It was the moment that Mitt Romney’s campaign has been promising all along, and yet it still caught President Obama and his campaign by surprise — the Etch-a-Sketch moment. It happened on the stage of the first presidential debate in Denver, where Mitt Romney, already backed into a corner, pulled off a desperate maneuver to save his floundering campaign: he lied, unabashedly and unapologetically, in front of millions of Americans, and the president let him do it.
But why didn’t the president call him out? And just how bad was Mr. Romney’s dissembling?
The second question is easier to answer because it’s the most obvious. During the course of this 90-minute debate, Mr. Romney lied about his tax policy, his health care plan (so grossly that his own campaign issued a correction after the debate was over) and his budget’s draconian cuts to Medicaid and education. Heck, he even walked back on his 47 percent comments after the debate was over.
Sure he lied, but he lied unapologetically, and thus his debate performance was labeled a victory by his campaign staff and the media at large in the immediate aftermath of the debate. But that afterglow only lasted about a day before the fact checkers descended upon Mr. Romney’s debate performance (and it was a performance, all style and no substance).
But I suppose that doesn’t matter to the Romney campaign as, after all, their campaign won’t be dictated by the fact checkers.
The second question, on President Obama’s non-existent debate performance, is much trickier to address. Was he tired and uninterested in participating in the debate, or so taken aback by Mr. Romney’s Etch-a-Sketch ploy that he was left scrambling for a response? Clearly, he walked onto that stage expecting a different opponent than the one he ended up debating, and even more clearly, there is no love lost between these two men.

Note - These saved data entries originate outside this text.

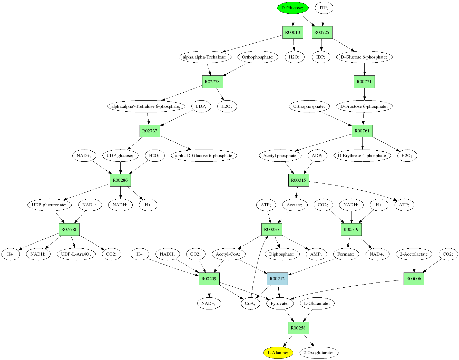 | RP00021 | R00258 | 477 | TRIRE0109187 | P52893|ALAM_YEAST | e-134 | 2.6.1.2 | L-Alanine; + 2-Oxoglutarate; <=> L-Glutamate; + Pyruvate; |
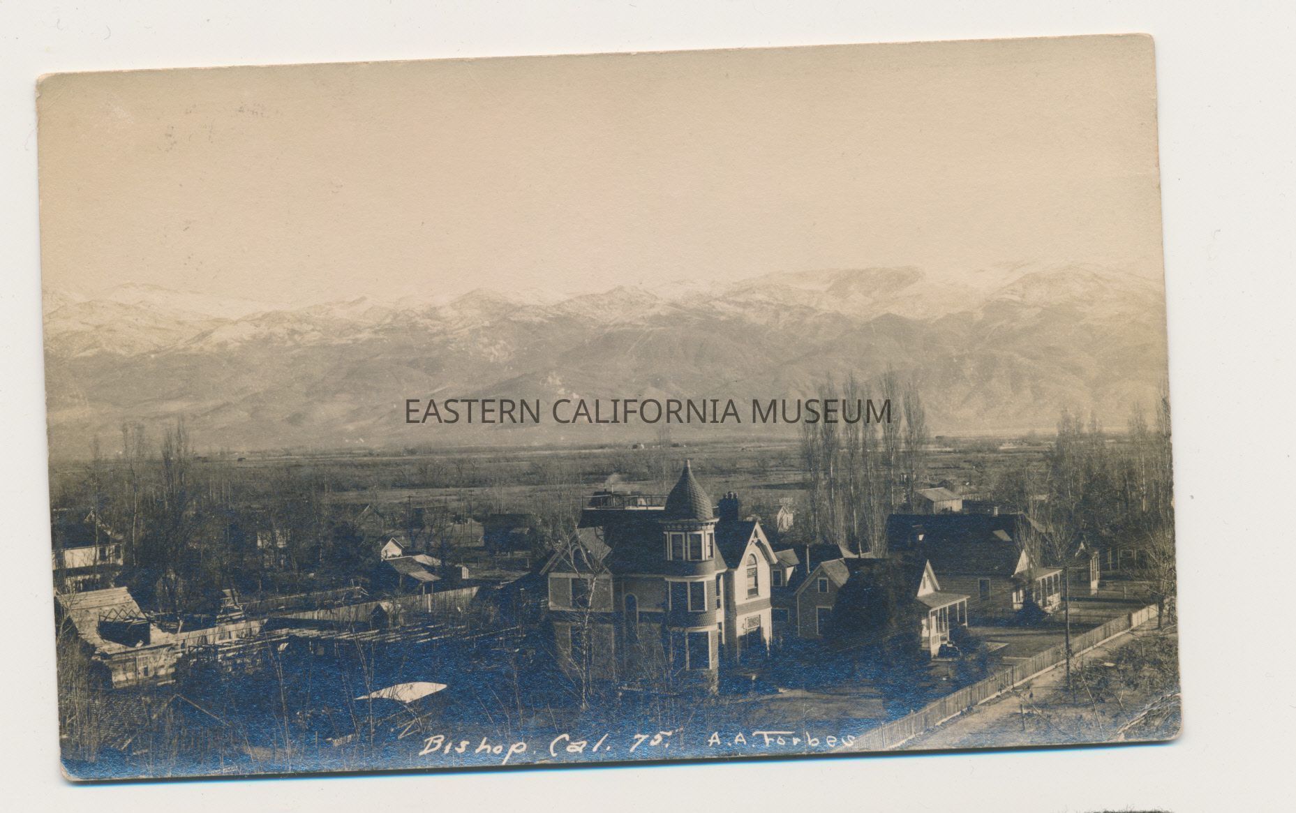 Photo postcard titled "Bishop, Cal." taken by photographer A. A. Forbes and given his ID #75. It it taken from a high vantage point looking towards the snow-capped mountains beyond the town of Bishop. The ornate house in the center may be the Bulpitt house. Possibly taken circa 1911.
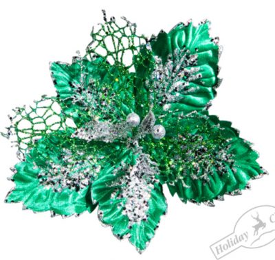 118 Пуансеттия изумрудная бархатная с ажурными лепестками и серебряными пайетками d 32х15см 154920 (отдел елочная игрушка, подвеска на елку)
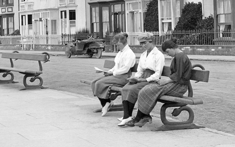Women sitting on a bench reading.
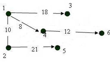 d(2)=min{d(2); d(1)+a(1,2)}=min{∞; 0+10}=10 d(2)=min{d(2); d(4)+a(4,2)}=min{10; 8+9}=10 d(3)=min{d(3); d(2)+a(2,3)}=min{18; 10+16}=18 d(5)=min{d(5); d(3)+a(3,5)}=min{31; 18+15}=31 d(5)=min{d(5); d(6)+a(6,5)}=min{31; 20+23}=31 Мы получили ориентированное дерево кратчайших путей начинающихся в вершине №1 для исходного графа.
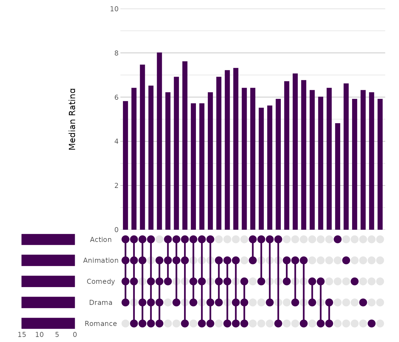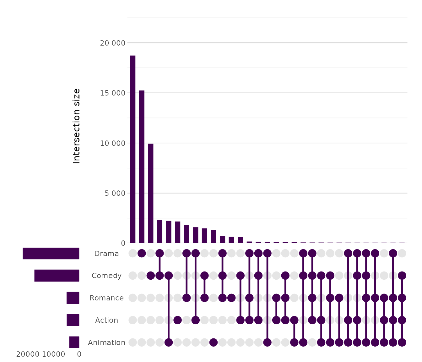 plot2(x = c(Action, Animation, Comedy, Drama, Romance),
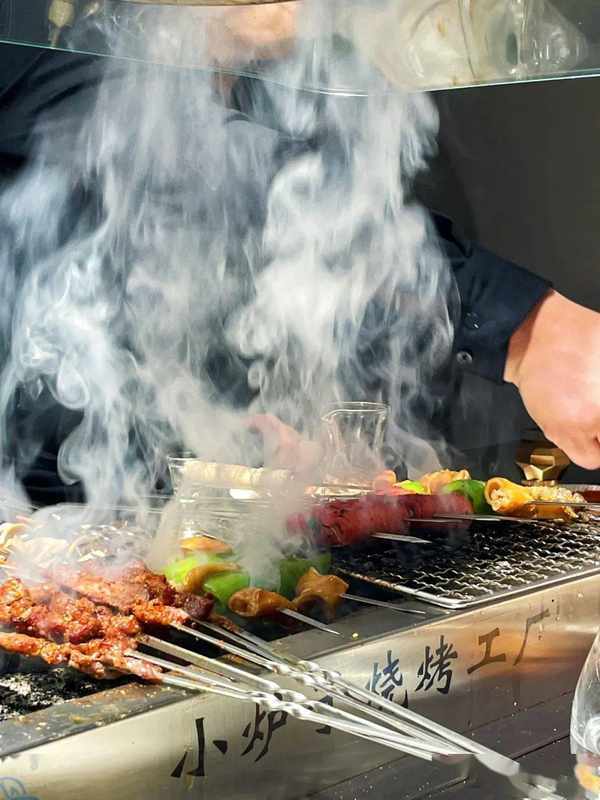 淄博同款小火爐子燒烤,直接炭烤還沒油煙味,排風一級棒!肉很新鮮沒得說,還有各種醃好的排骨、肥腸、牛肉,種類豐富的讓人應接不暇。
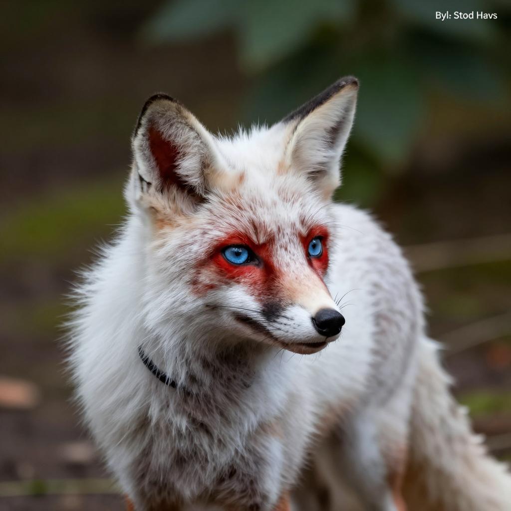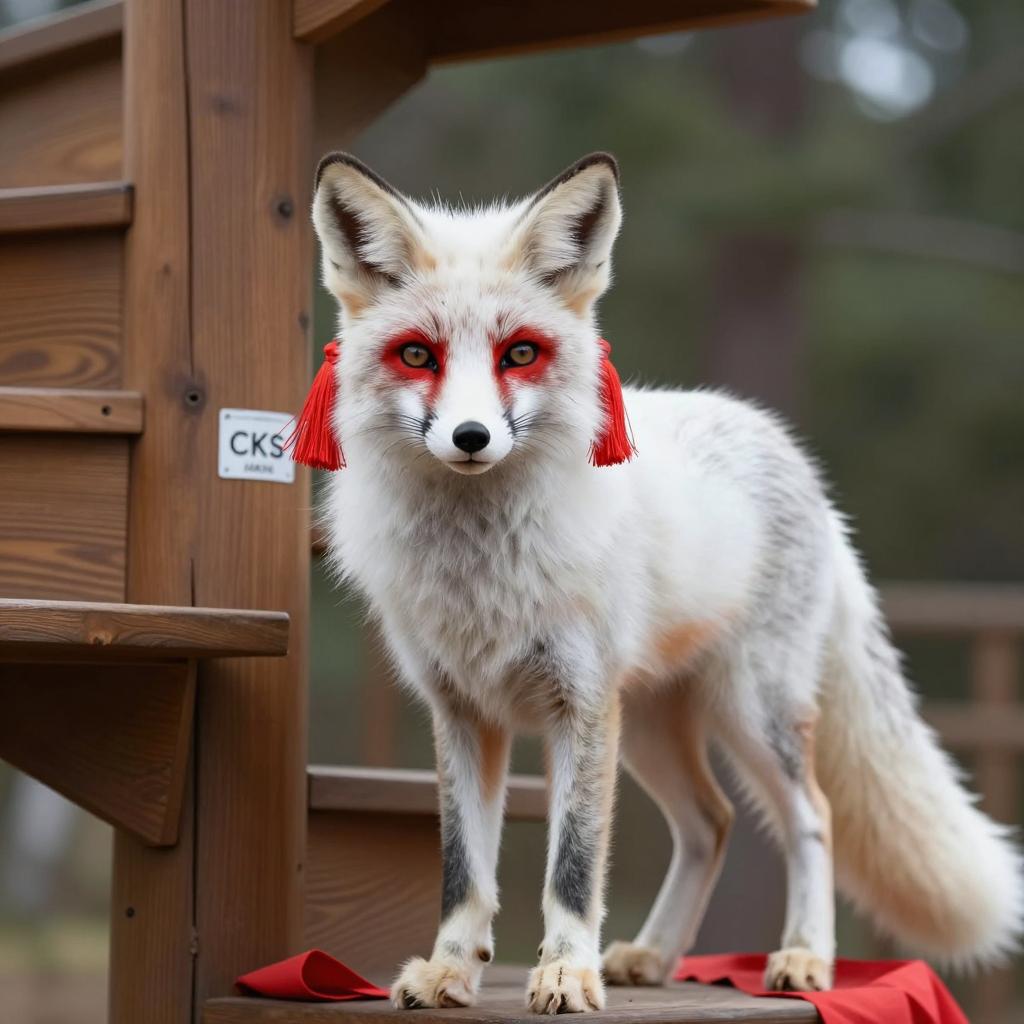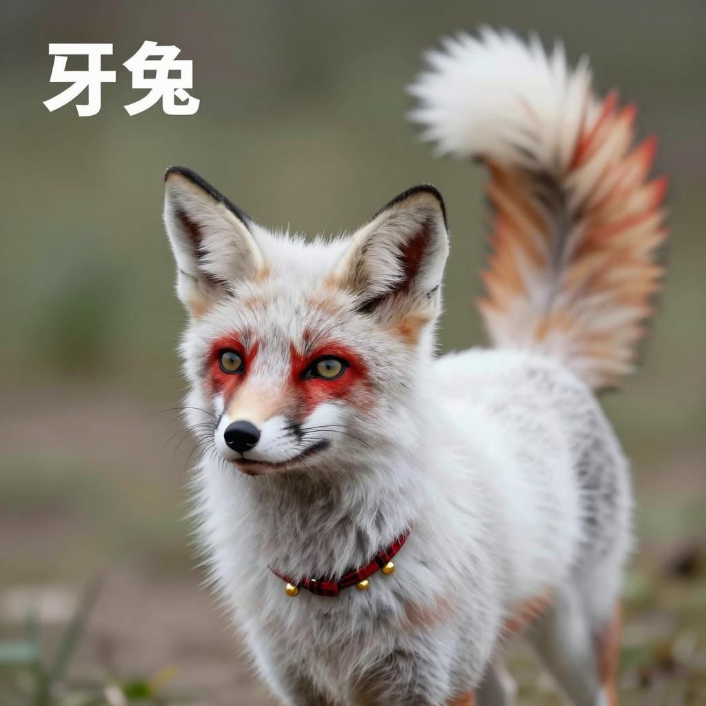 Photograph of a white fox with red markings on ears, face, and tail tip. Fox has fluffy fur, black nose, and green eyes. Wearing a red and black plaid collar with gold beads. Tail raised, showing black and red tip. Background is blurred greenery. Fox's head turned slightly to the left, looking upward. Text in top left corner.
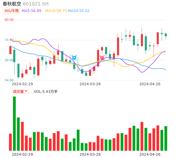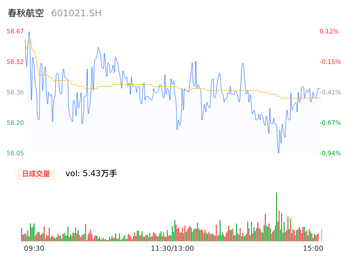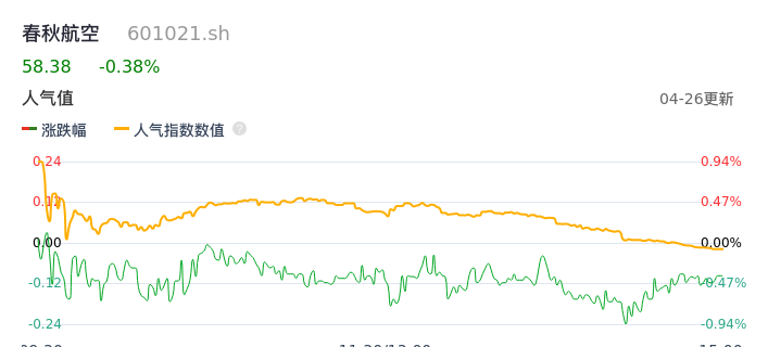 04月26日,春秋航空收报58.38,股价涨幅-0.38%,成交金额3.17亿元,换手率0.55%。
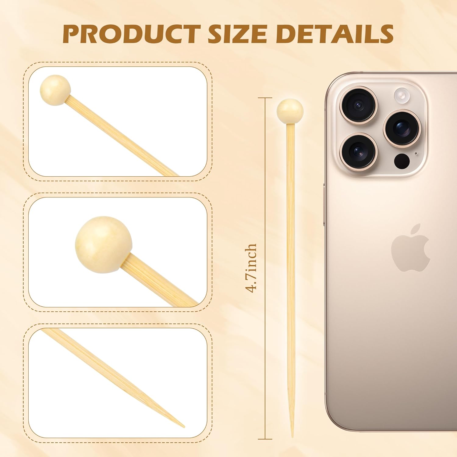 300Pcs Fancy Toothpicks for Appetizers,4.7Inch Wooden Ball Cocktail Picks For Drinks,Bamboo Appetizer Skewers for Charcuterie Boards Accessories,Martini, Sandwich,Desserts,Fruit

Most Americans hold an unrealistic ideal in their heads of what a presidential debate is. They picture it as a meaningful dialogue, an interrogation of the participants’ policies and politics, and above all, they imagine that the debate will be civil. This is not what debates are about, if they ever were. The modern presidential debate is about image and pageantry and nothing more.
Remember how Romney’s debate prep team told The New York Times that they were drilling their candidate on so-called “zingers” for the debate? That is the stuff of modern politicking. What was the top critique of the president’s performance? That he wasn’t zinging right back. Instead, he made unadorned and substantive points, disengaging through the most awkward parts of the debate and letting Mr. Romney control the conversation.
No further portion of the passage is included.